In the following minimal example, foo() isn’t fully precompiled (notice the precompile statement from --trace-compile=stderr) unless I type annotate the type unstable function from Meshes.jl (confirmed type unstable with @code_warntype).
This is a stripped down version of a bigger problem I’m running into.
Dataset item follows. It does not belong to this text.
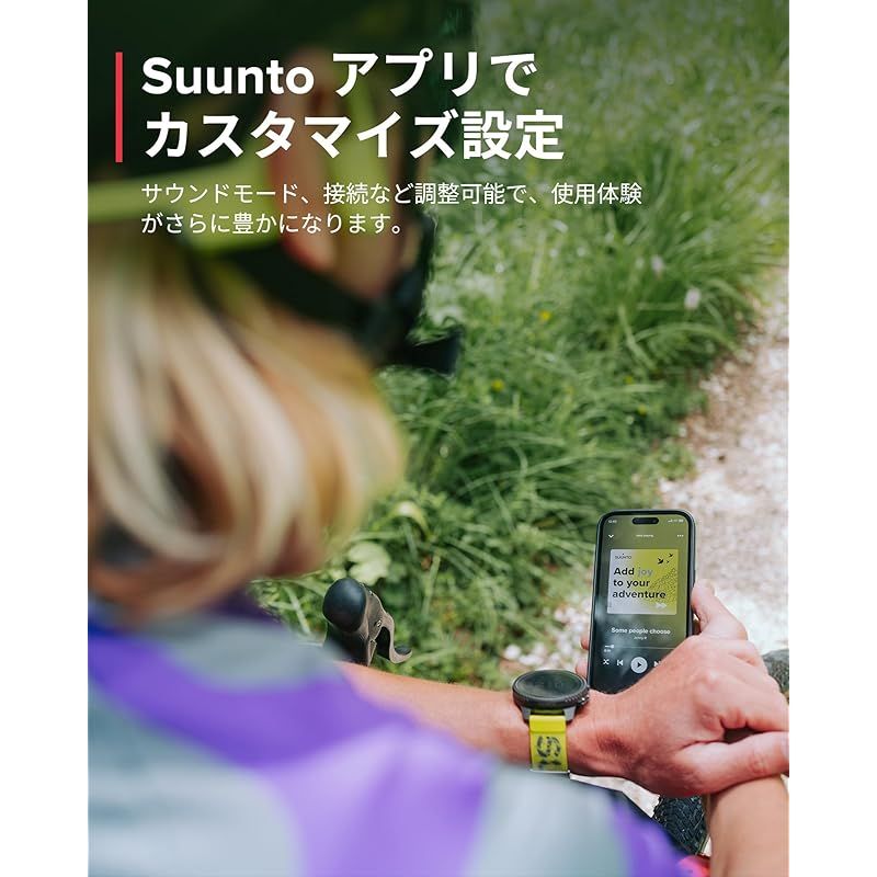 【アプリでカスタマイズ設定】 SUUNTOアプリと接続すれば、バッテリー残量の確認やサウンドモード(通常モード/アウトドアモード)の切替、デュアルデバイス接続の設定も簡単に行えます。さらに、最新のSUUNTOウォッチとペアリングすることで、トレーニング中のラップタイムや平均速度などの音声フィードバックも受けられるようになります

From my understanding though, everything in the precompile workload should get fully compiled (caveat for invalidations, etc., but that shouldn’t be an issue here, I think).

See the precompile output first:

tarnon@dave:~/projects/TestProj$ julia --project=. --trace-compile=stderr -q
julia> using TestProj
[ Info: Precompiling TestProj [36d4f223-0a32-46af-8d45-768600d85ced]
precompile(Tuple{typeof(Core.kwcall), NamedTuple{(:cpu_target,), Tuple{Nothing}}, typeof(Base.julia_cmd)})
precompile(Tuple{Type{NamedTuple{(:stderr, :stdout), T} where T<:Tuple}, Tuple{Base.TTY, Base.TTY}})
precompile(Tuple{typeof(Core.kwcall), NamedTuple{(:stderr, :stdout), Tuple{Base.TTY, Base.TTY}}, typeof(Base.pipeline), Base.Cmd})
precompile(Tuple{typeof(Base._tryrequire_from_serialized), Base.PkgId, String, String})
precompile(Tuple{typeof(Base.first), Array{Any, 1}})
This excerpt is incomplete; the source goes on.